Bishop and several other homeowners start their massive installations right after Halloween, putting hundreds of hours into the setup.
Further south in Windsor, Kathy Braun and her husband John decorate their home to create the . Their home – located at — has multiple themes throughout the yard – like groupings of farm animals, cats and dogs, polar animals and more. They also have a nativity scene, a plexiglass pond, and even some random “hidden” figures, like a minion.
Braun said her family has always loved Christmas decorations. One of the unique aspects of their display is that there are several vintage blow molds across their lawn of Snoopy, Santa and more. Braun has driven all the way to Omaha to get one that was nine reindeer and a sleigh, which now sits on top of the arches in her driveway.
“They are very nostalgic to us, because our families had blow molds,” she said. “It's kind of what we were used to growing up. You know, you look in the Sears catalog and you'd see blow molds. So that's kind of what we gravitate towards.”
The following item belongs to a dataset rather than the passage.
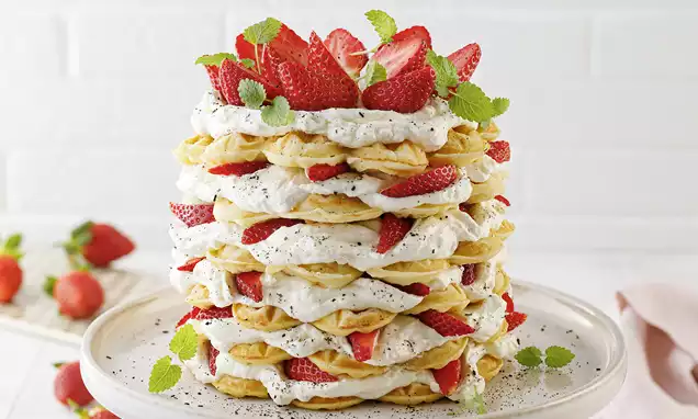 Täytä kakku vaniljatäytteellä ja mustikoilla. Kostuta kakkukerrokset maidolla samalla kun kokoat kakkua.

Her Homeowners Association has been supportive of the longer take-down time, and her neighbors have even brought them meals as they decorate for weeks on end. They store the lights in their basement, in their attic in the garage, as well as their third car.
“John has told me that I can't buy any more stuff until we find a different storage solution, because we are full,” Braun said.
She hasn’t done a final count, but last year they had around 63,000 lights and she knows there’s even more this year. Despite this, she said her electricity bill doesn’t see too much of a spike.
“It actually doesn’t increase too horribly bad,” she said. “I won't put a number out there, because this is really our gift to the community. It's not a burden.”
Both Bishop and Braun said they were deeply grateful for the holiday light show by Mike and Tami Medhurst, which stopped doing shows after 2020. The trees on Bishop’s roof came from them, as did the spinning bumper cars at Braun’s house.
“Greeley Griswolds were a huge inspiration to us, because since we moved to Colorado, you know, 12-14 years ago, we'd always gone to their house,” she said. “So we kind of enjoyed that, aspired to that.”
She sees her house as part of the spirit of the holidays. She said the motivation that keeps her family going is all the happy squeals she can hear out of car windows passing by.
“I hope that we become part of their traditions, things that when you grow up as a kid, you look back and say, ‘You remember that one house that we always used to go to?’” she said.
But more than anything else, Braun hopes it fills the hearts of those who need it.
“A woman came last year who had just lost her husband, and this brought her joy,” she said. “I think Christmas lights are just a pure form of joy, and it brings back memories. You're creating memories. And it's just, I don't know, it's special.”
The Bishop Blinkenhaus show starts at 5 p.m. and runs until 9:30 p.m., with each show running around 20 minutes. That happens every night until Jan. 1. The North Pole at Pelican Farms has static lights at 5 p.m. for those who cannot handle the flash, and the official shows start at 5:30 p.m. It runs for 20 minutes with a 10 minute intermission until 10:20. That will occur every night until Jan. 6.